[Instructions to follow]: Only the lines from the one containing "Пазлы 20 элементов" through the end of the data are wanted, reproduced exactly and without pictures.

_ _ _ _ _

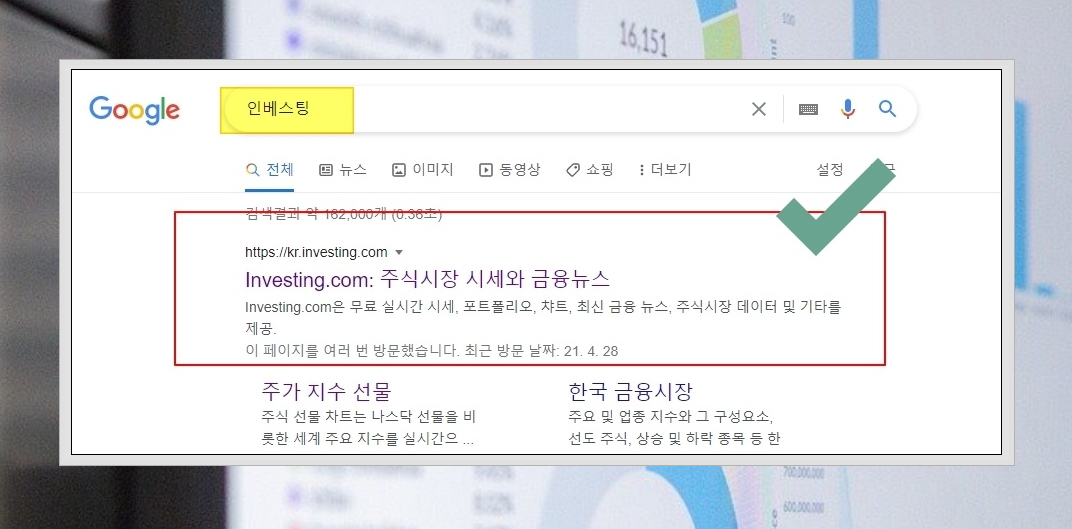 1. 증권사에 가입을 하지 않아도 바로 주식 관련 정보를 얻을 수 있는 곳이 있습니다. 바로 인베스팅 사이트 인데요. 이곳의 경우 국내는 물론이고, 해외 주식시장에 대한 정보가 많고, 서비스 퀄리티 또한 뛰어나기 때문에 많은 사람들이 이용하는 곳입니다.
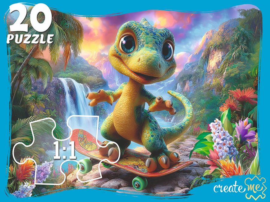 Пазлы 20 элементов фигурные Динозаврик на скейте РЫЖИЙ КОТ Ф20-3168
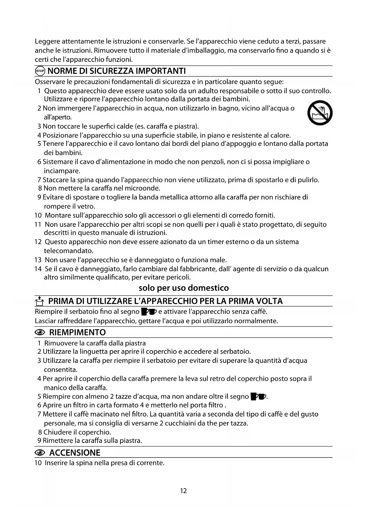 3 Non toccare le superfici calde (es. caraffa e piastra).
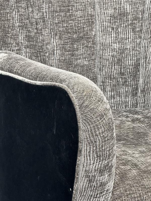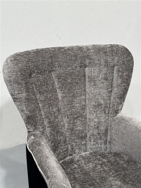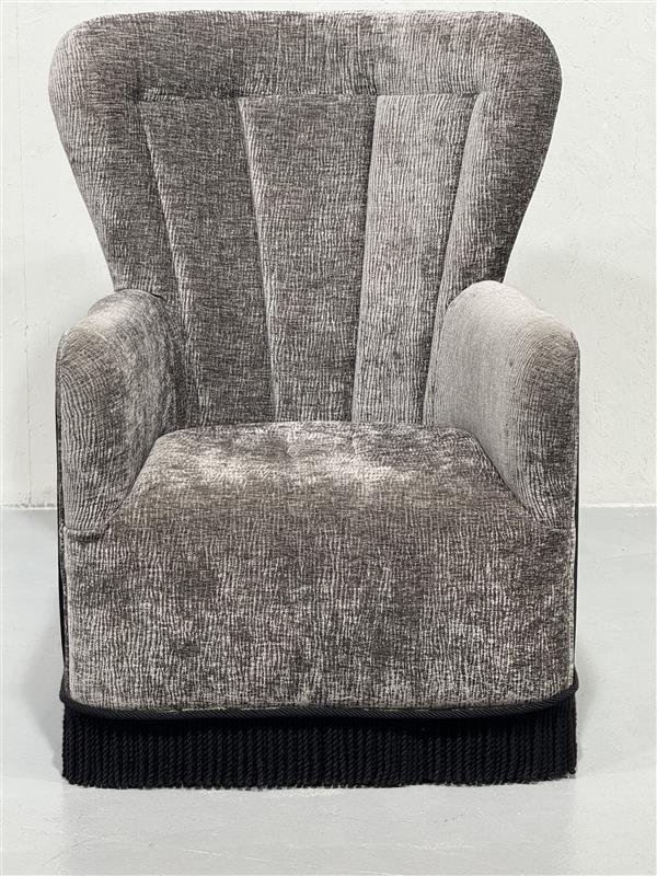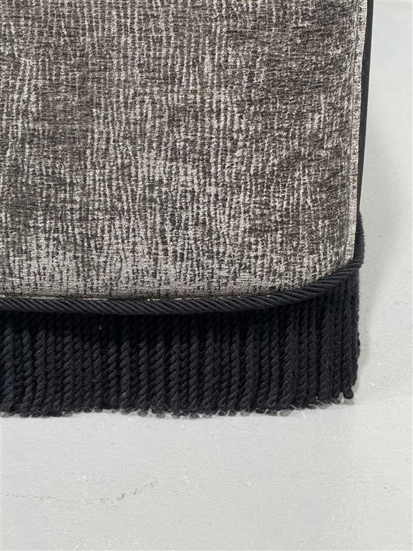 Tyylikäs harmaa nojatuoli mustalla hapsulla alareunassa. Mukana tukeva jalkatuki / rahi.
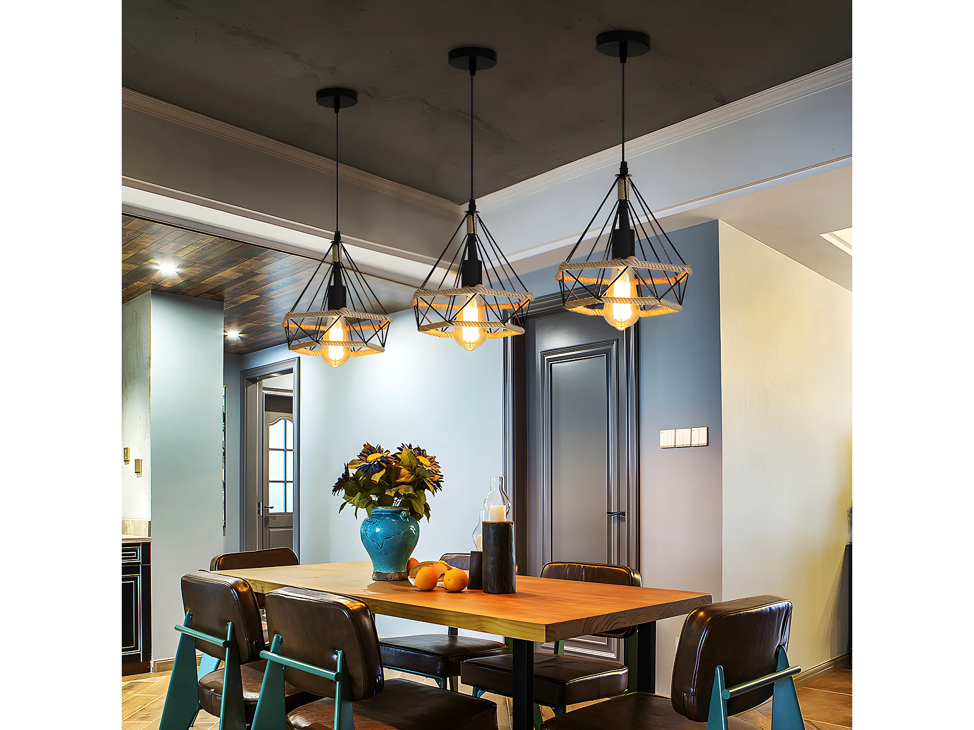 Suspension lustre vintage en diamant- brun - 25*25*130cm - en fer - sans ampoule E27
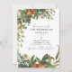 Cartão de aviso de casamento floral e folhagem de aquarela de laranja cítrica. Belas aquarelas florais impressas à mão e texto de roteiro moderno.
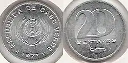 Первые монеты независимого Кабо-Верде номиналом 20, 50 сентаво и 1, 2,5, 10, 20 и 50 эскудо были введены в обращение в 1977 году вместе с банкнотами I серии и оставались законным средством платежа до 1995 года[2], хотя монеты в сентаво исчезли из обращения вследствие инфляции гораздо раньше.

_ _ _ _ _

[Response to the exercise]:
 Пазлы 20 элементов фигурные Динозаврик на скейте РЫЖИЙ КОТ Ф20-3168
 3 Non toccare le superfici calde (es. caraffa e piastra).
 Tyylikäs harmaa nojatuoli mustalla hapsulla alareunassa. Mukana tukeva jalkatuki / rahi.
 Suspension lustre vintage en diamant- brun - 25*25*130cm - en fer - sans ampoule E27
 Cartão de aviso de casamento floral e folhagem de aquarela de laranja cítrica. Belas aquarelas florais impressas à mão e texto de roteiro moderno.
 Первые монеты независимого Кабо-Верде номиналом 20, 50 сентаво и 1, 2,5, 10, 20 и 50 эскудо были введены в обращение в 1977 году вместе с банкнотами I серии и оставались законным средством платежа до 1995 года[2], хотя монеты в сентаво исчезли из обращения вследствие инфляции гораздо раньше.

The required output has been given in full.